There is a way to quickly calculate the transfer matrix of a circuit — as long as it only contains beamsplitters, rotation gates and loss channels — without having to execute it. This is done by using the “passive” compiler to compile the circuit into a single transfer gate. Thus, we remove the squeezing from the circuit and simply compile the program using the “passive” compiler, extracting the parameter from the resulting PassiveChannel.

prog_passive = sf.TDMProgram(N)

with prog_passive.context(*gate_args_list, etas_ch_rel) as (p, q):
LossChannel(eta_glob) | q[n[0]]

for i in range(len(delays)):
Rgate(p[2 * i + 1]) | q[n[i]]
BSgate(p[2 * i + 2], np.pi / 2) | (q[n[i + 1]], q[n[i]])
Rgate(phis_loop[i]) | q[n[i]]
LossChannel(etas_loop[i]) | q[n[i]]

LossChannel(p[7]) | q[0]

prog_passive.space_unroll()

prog_passive = prog_passive.compile(compiler="passive")

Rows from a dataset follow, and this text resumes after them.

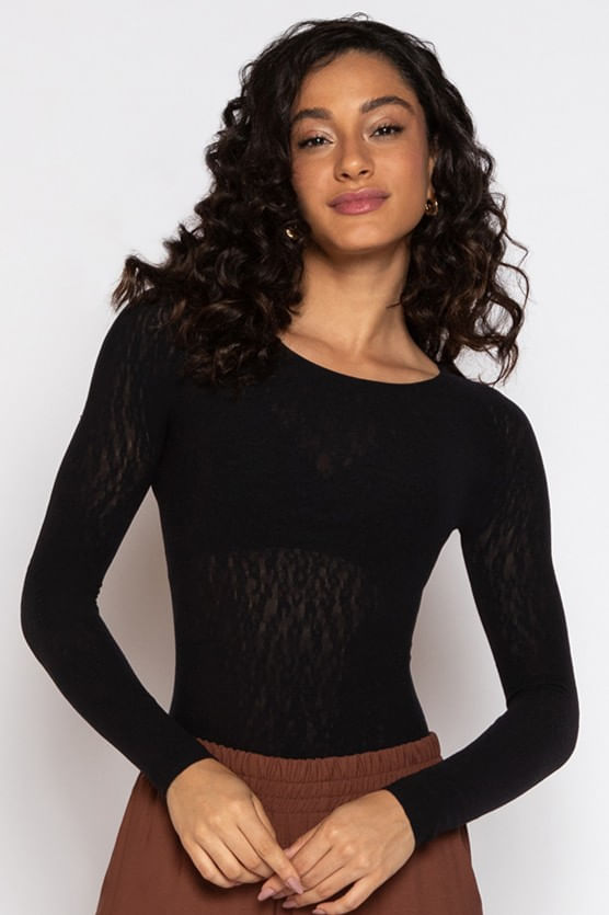 Blusa manga longa com desenho que remete ao animal print. Gola careca. Possui leve transparência e é ideal para compor looks com sobreposição ou com demais produtos de nossa marca. Informação de moda inspirada na tendência de transparência e animal print. Produzido em renda sem costura e elastano 20. Composição: 92% Poliamida, 8% Elastano. Código do produto: I06414
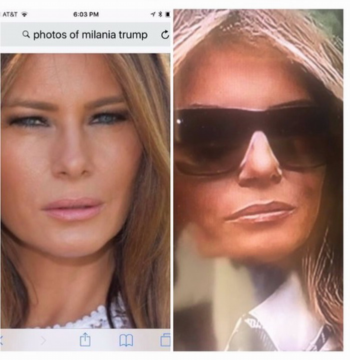 Đệ nhất phu nhân Melania Trump đôi khi được thay thế bởi một người phụ nữ khác giấu sau cặp kính râm lớn và trang phục tương tự xuất hiện khi ông Trump thực hiện chuyến đi đến địa điểm của cơn lốc xoáy chết người ở Alabama. Để ý kỹ bạn sẽ thấy không một ai chụp được mặt bà Melania khi bà bỏ kính râm xuống.
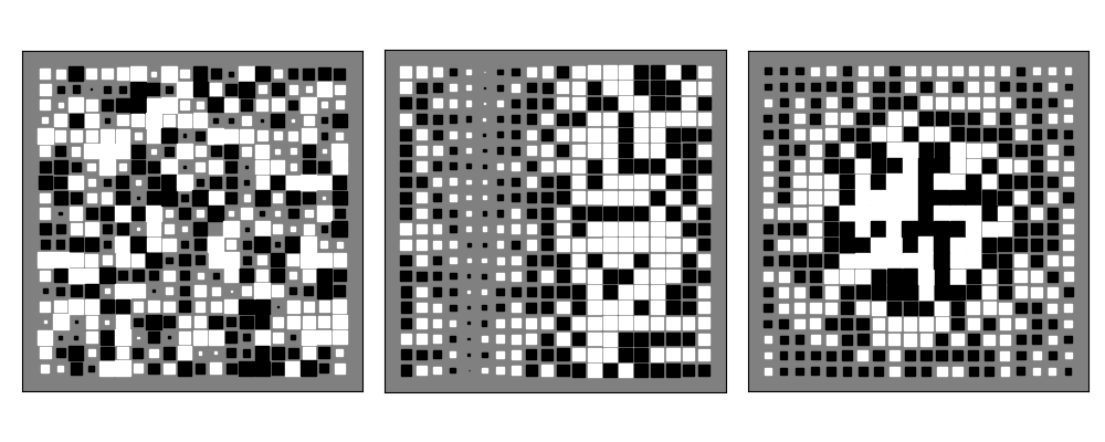 Tego typu wizualicja możę przedstwiać dane zawarte w dwuwymiarowej macierzy. Kwadraty skalowane są zgodnie z wartościami macierzy. Dodatkowo możemy wprowadzić kolorowanie kwadratów w oparciu o różne kryteria. Na rysunkach przestawiono losowe kolorowanie z użyciem dwóch kolorów.
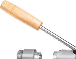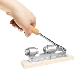 Den stabile træbase holder værktøjet sikkert på bordpladen, så knækningen er hurtig, præcis og sikker. Betjening ovenfra kræver mindre kraft end klassiske tang-nøddeknækkere og gør arbejdet lettere selv ved længere tids brug.
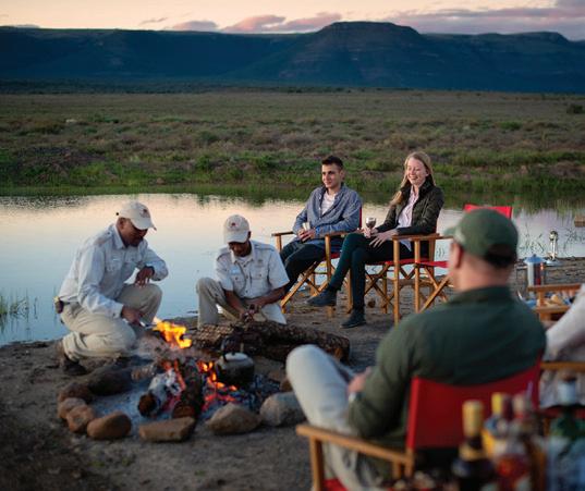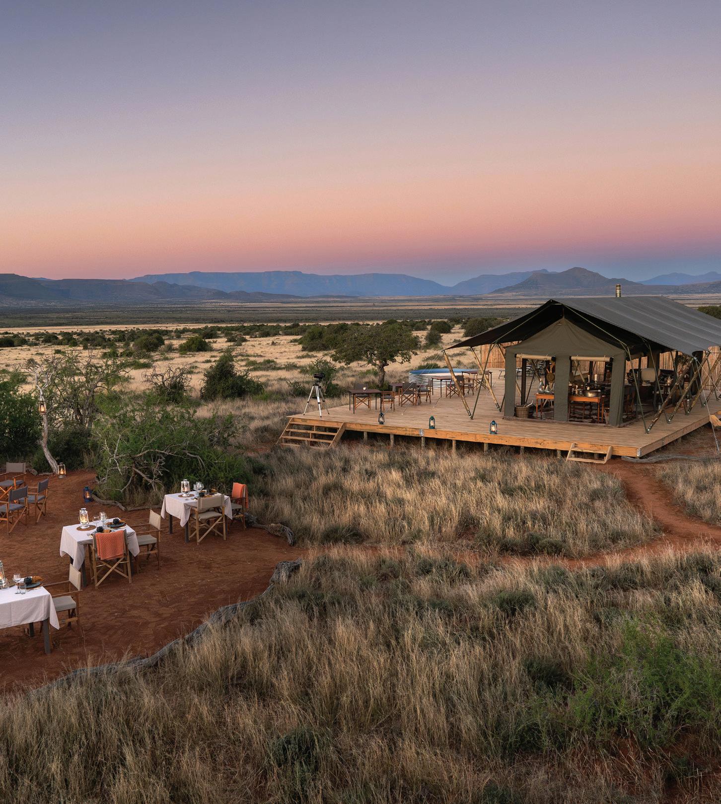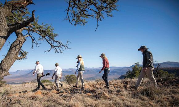 heated bucket showers. There’s a deck with a lounger if you want to enjoy the solitude, while the main tent where meals are served has a pool, expansive deck, and a bar and lounge area. You travel light (water and snacks are provided), and your overnight bag is transported to the mobile fly camp ahead of you. Each day covers around 10 to 15 kilometres, so the trail is accessible for moderately fit guests, while still being physically rewarding. Walkers are led by seasoned guides and trackers who bring the landscape to life with their fascinating stories of wildlife encounters, educational sessions on the local fauna, flora, rock formations and conservation efforts, as well as entertaining anecdotes about Karoo life.
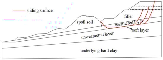 The calculation results are as follows in Table 5. Without considering moisture absorption and softening, the calculated stability coefficient is 1.15, indicating that the slope is in a stable state. After considering the moisture absorption and softening, the stability coefficient of the slope decreases to 0.97, and the filling section has been in an unstable state. The lower sliding surface passes through the weak layer, and the rear edge of the landslide is located in the middle of the pavement, between the filling area and the spoil area at the front edge of the landslide, as shown in Figure 11. From the distribution of the plastic zone (Figure 8), it can be seen that the weak layer forms a stress concentration zone under the action of the upper embankment load, forming a broken line plastic zone along the weak layer inside the slope, resulting in tensile cracks in the filling area and causing the overall instability of the slope. Compared with the field picture (Figure 12), it can be found that the calculated landslide shape is relatively close to the actual situation, which is in line with the actual situation of slope instability under the surcharge height. According to the calculation results of the sliding surface and stability coefficient, the modeling method and parameter used in this paper are reasonable.
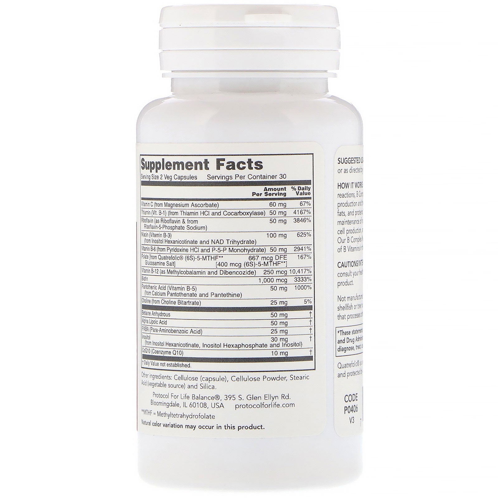 Serving Size: 2 Veg Capsules Servings Per Containe r: 30 Amount Per Serving %Daily Value Vitamin C (from Magnesium Ascorbate) 60 mg 67% Thiamin (Vit. B-1) (from Thiamin HCl and Cocarboxylase) 50 mg 4167% Riboflavin (as Riboflavin & from Riboflavin-5-Phosphate Sodium) 50 mg 3846% Niacin (Vitamin B-3) (from Inositol Hexanicotinate and NAD Trihydrate) 100 mg 625% Vitamin B-6 (from Pyridoxine HCl and P-5-P Monohydrate) 50 mg 2941% Folate [from Quatrefolic (6S)-5-MTHF** Glucosamine Salt] 667 mcg DFE [400 mcg (6S)-5-MTHF**] 167% Vitamin B-12 (as Methylcobalamin and Dibencozide) 250 mcg 10,417% Biotin 1,000 mcg 3333% Pantothenic Acid (Vitamin B-5) (from Calcium Pantothenate and Pantethine) 50 mg 1000% Choline (from Choline Bitartrate) 25 mg 5% Betaine Anhydrous 50 mg † Alpha Lipoic Acid 50 mg † PABA (Para-Aminobenzoic Acid) 25 mg † Inositol (from Inositol Hexanicotinate, Inositol Hexaphosphate and Inositol) 30 mg † CoQ10 (Coenzyme Q10) 10 mg † †Daily Value not established. **MTHF - MethyltetrahydrofolateDisclaimer

Keep in mind that the circuit now only consists of a single PassiveChannel, which has a single matrix parameter. This parameter is the circuit’s transfer matrix. The transfer matrix then allows us to experiment using the same setup, but with different state preparations.

transfer_matrix_tot = prog_passive.circuit[0].op.p[0]

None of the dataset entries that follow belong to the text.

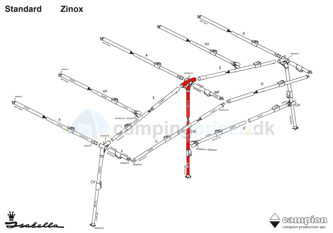 Isabella teltstang - ben i midt front af Isabella fortelt med en dybde på 250 - 300 cm i Zinox - passer på stel i G10-G18
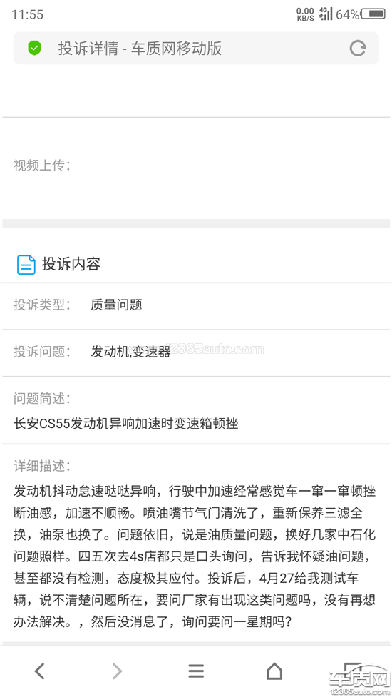 投诉编号:【388541】 投诉时间:2019-07-14 12:26 投诉品牌:长安汽车 投诉车系:长安CS55 投诉车型:2017款 1.5T 手动 炫动型
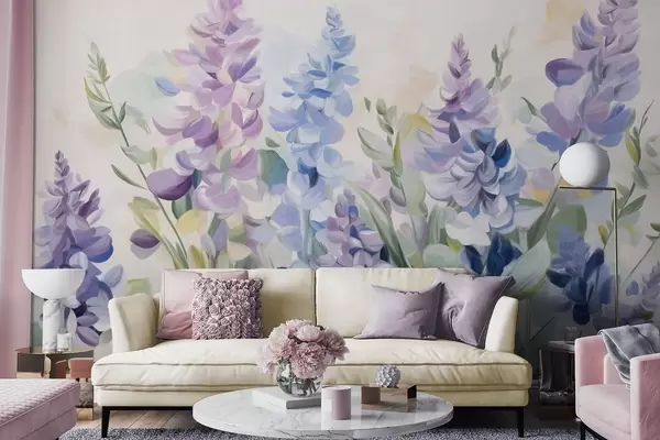 Fototapetak Lila és kék textúrájú virágok kék levelekkel, világos háttérrel, lágy ecsetvonásokkal, élénk színekkel Nr. w09482
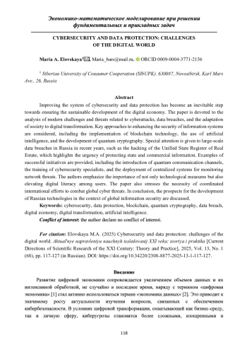 Улучшение системы кибербезопасности и защиты данных становится неизбежным шагом для обеспечения устойчивого развития цифровой экономики. Работа посвящена анализу современных вызовов и угроз, связанных с кибератаками, утечками данных и адаптацией общества к цифровой трансформации. Рассмотрены ключевые направления повышения безопасности информационных систем, включая внедрение блокчейна, использование технологий искусственного интеллекта и развитие квантовой криптографии. Особое внимание автором в статье уделено масштабным утечкам данных в России за последние годы, включая взлом Единого государственного реестра недвижимости, что подчеркивает остроту проблемы защиты государственной и коммерческой информации. Приводятся примеры успешных инициатив, таких как внедрение квантовых каналов связи, обучение специалистов в области кибербезопасности и применение централизованных систем мониторинга сетевых угроз. Автор подчеркивают важность не только технологического обеспечения, но и повышения цифровой грамотности пользователей. Также в статье сделан акцент на необходимости согласованных международных усилий в борьбе с глобальными киберугрозами. В заключении обсуждаются перспективы развития российских технологий в контексте глобальной информационной безопасности.
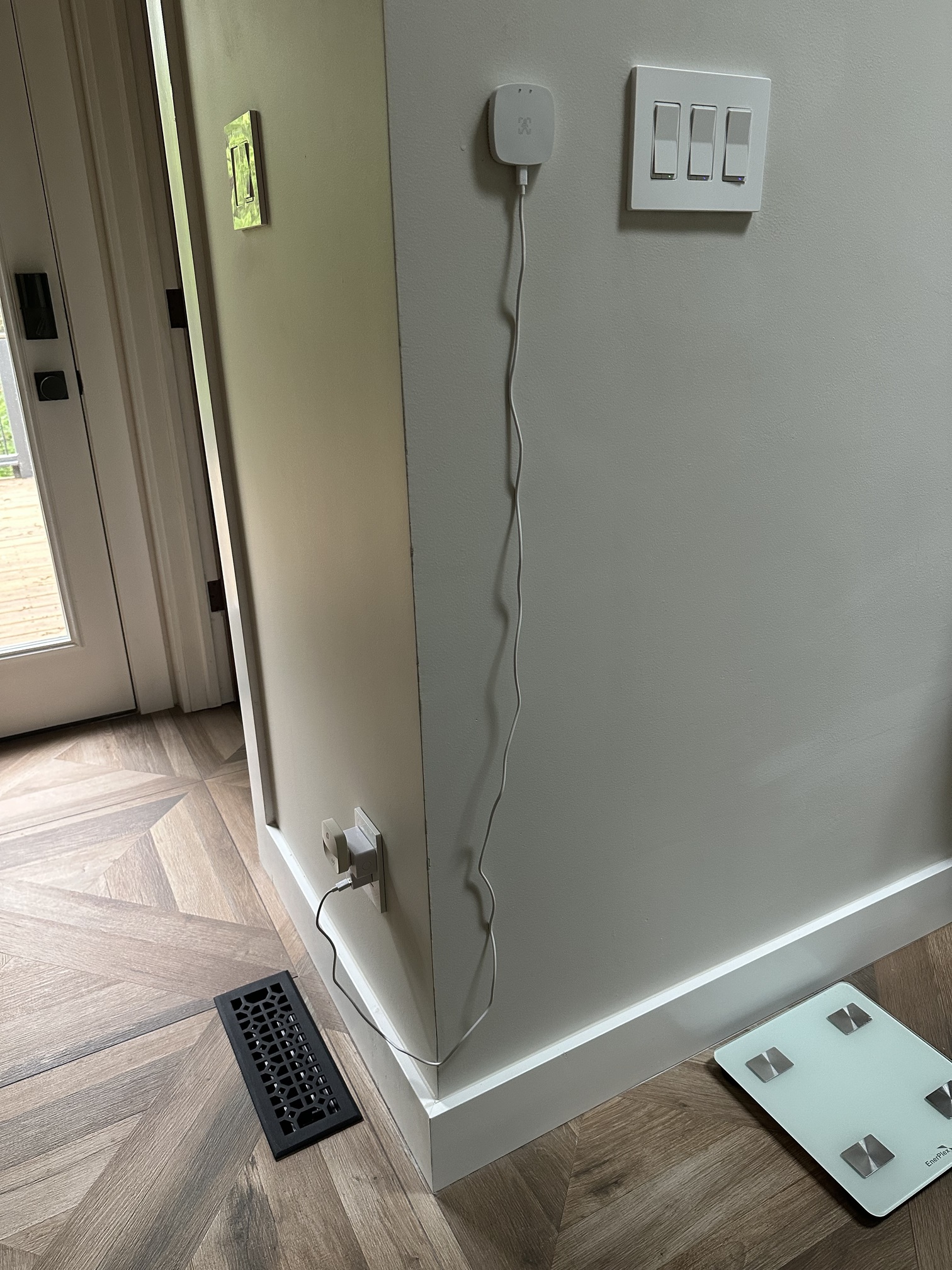 I actually ended up sacrificing one of my outlets on the vanity for that human presence sensor. I still need to test it out though by taking a bubble bath and a shower to make sure it still works.

# crop out the vacuum modes
transfer_matrix = transfer_matrix_tot[vac_modes:prog_length, vac_modes:prog_length]


A matrix plot will give us a good intuition on the connectivity of our temporal modes.

import matplotlib.pyplot as plt

fig, ax = plt.subplots(1, 2, figsize=(18, 8))
ax[0].matshow(transfer_matrix.real)
ax[1].matshow(transfer_matrix.imag)
plt.show()


Conclusion¶

This tutorial covered how to submit jobs to our temporal-division multiplexing device, Borealis. It’s rather exciting to be able to demonstrate the concept of quantum computational advantage by examples running on actual hardware. As you now have seen, there are quite a few details to keep track of, but as long as the circuit follows the correct layout and the parameters are correctly declared, anyone with Xanadu cloud access can submit jobs to be excecuted on the Borealis hardware, and get back samples that would be difficult, if not outright impossible, to retrieve using a local simulator.

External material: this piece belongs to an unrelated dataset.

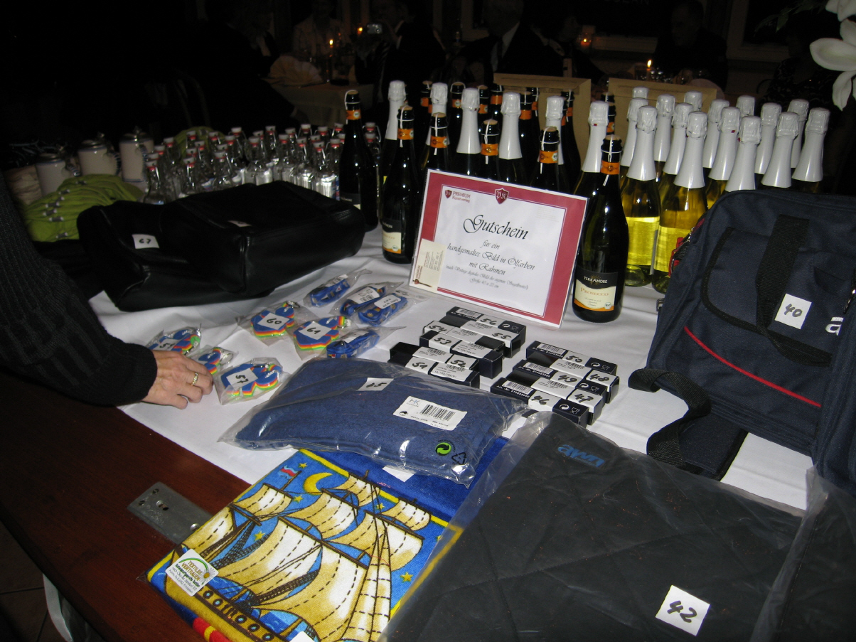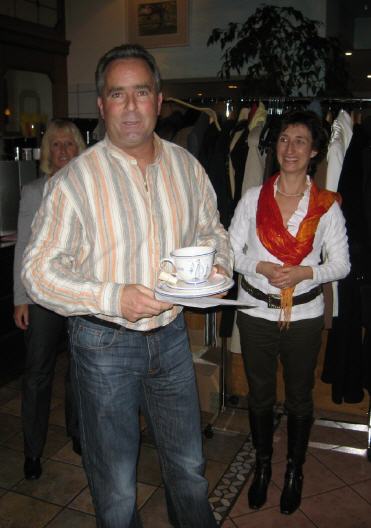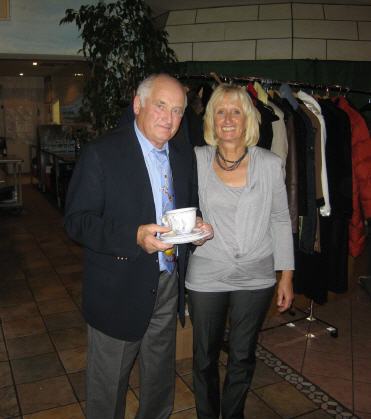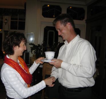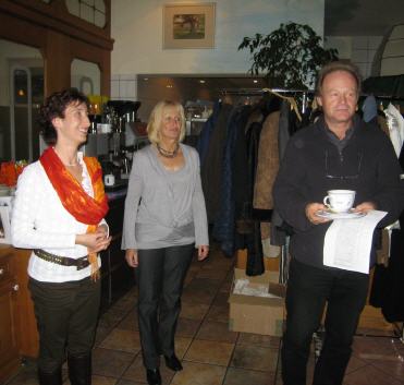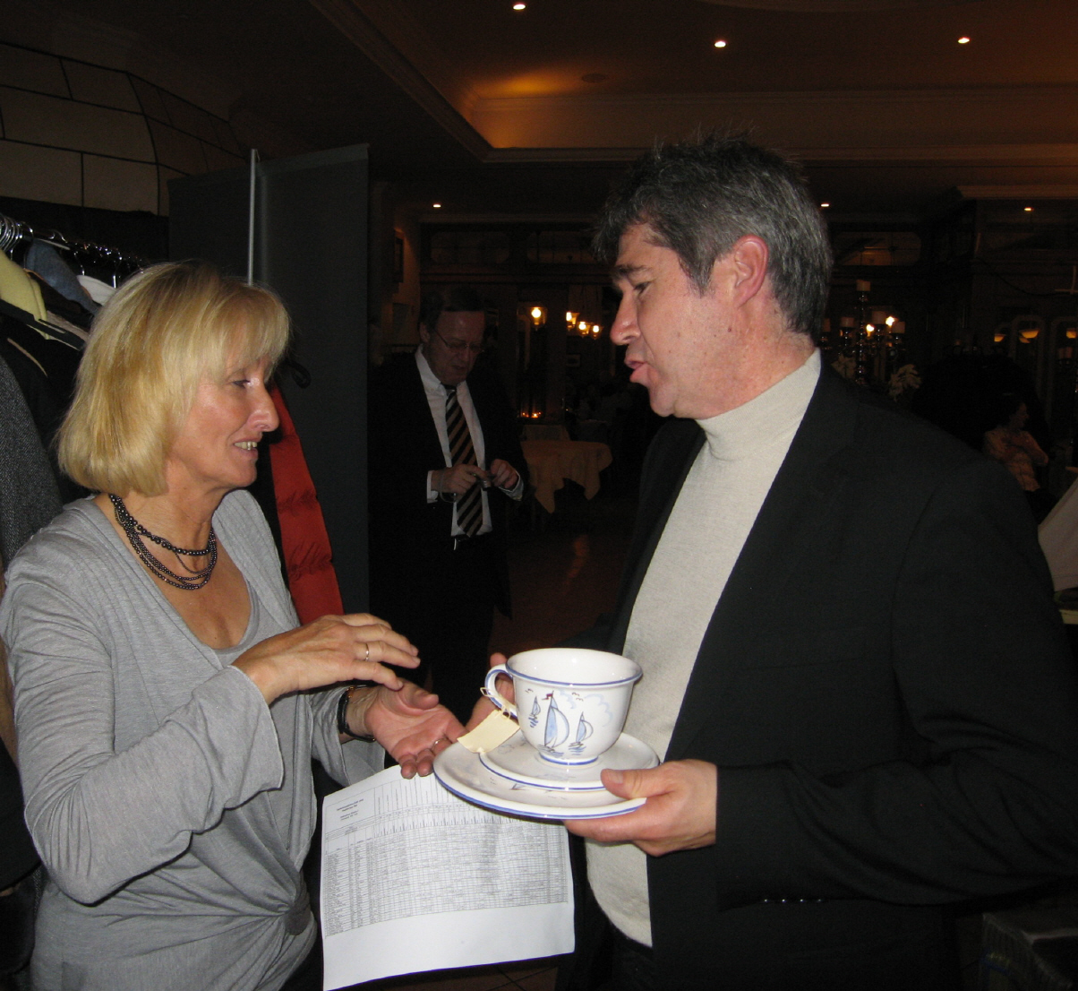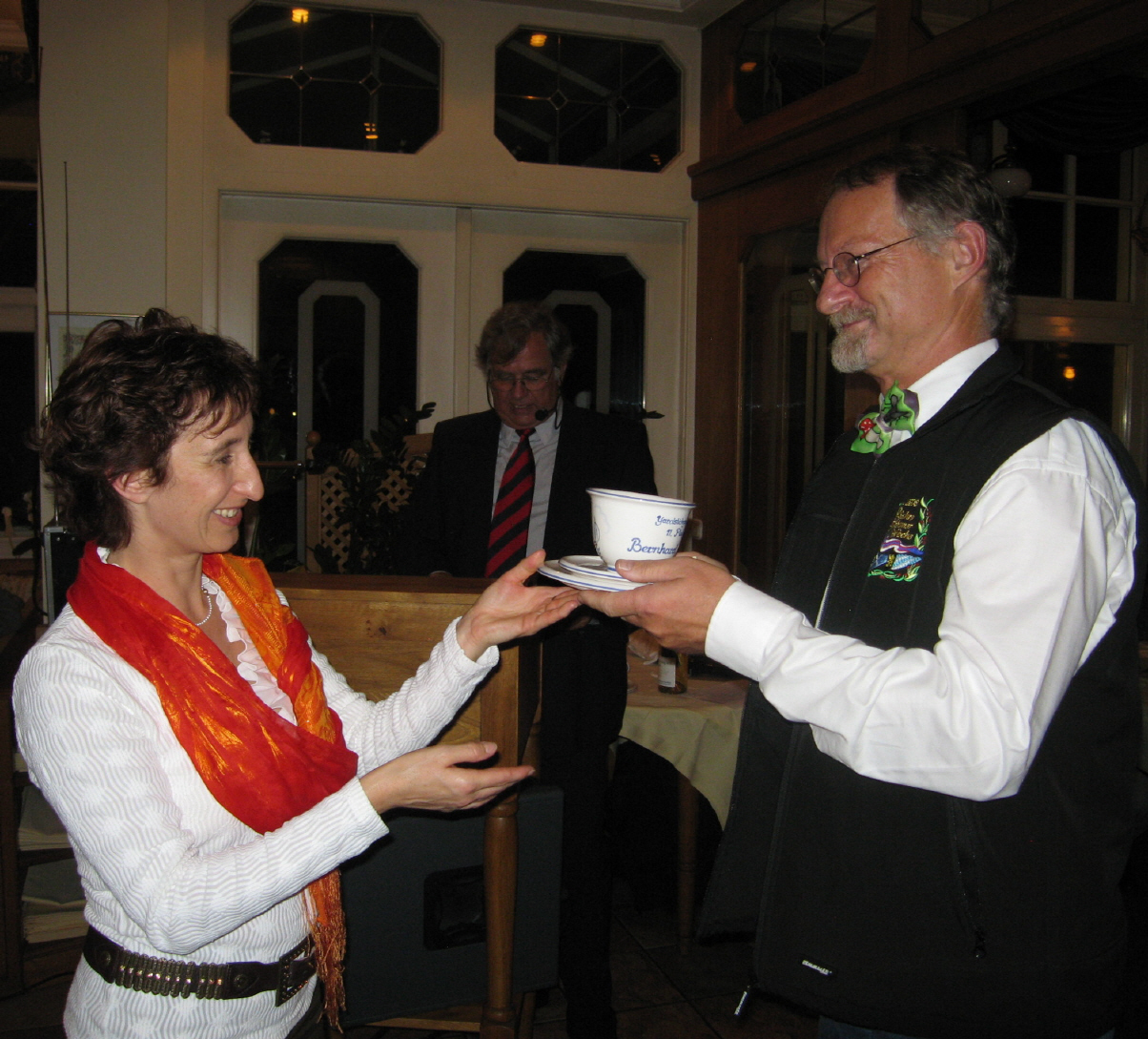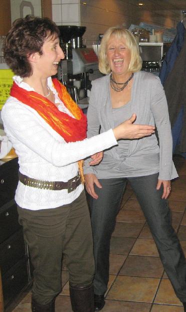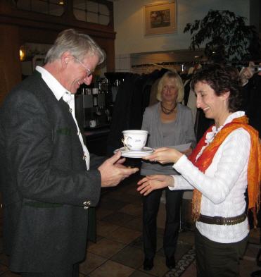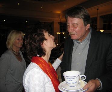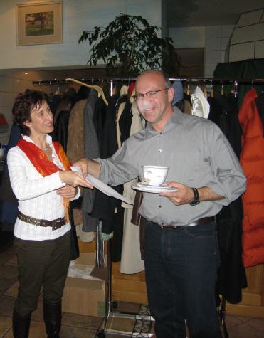 Frau Stahnke (Sponsor A.W. Niemeyer) spendet für die kommenden kalten Monate Trost in Form eines Sherry (in den Hals) und eines Schals (um den Hals) |

We hope that you’ve enjoyed this demonstration, and that you’re as excited as we are about the possibilities. If you wish to dig deeper into the science behind all of this, we recommend that you read our paper [1].

References¶

1(1,2)

Madsen, L.S., Laudenbach, F., Askarani, M.F. et al. “Quantum computational advantage with a programmable photonic processor”, Nature 606, 75-81, 2022.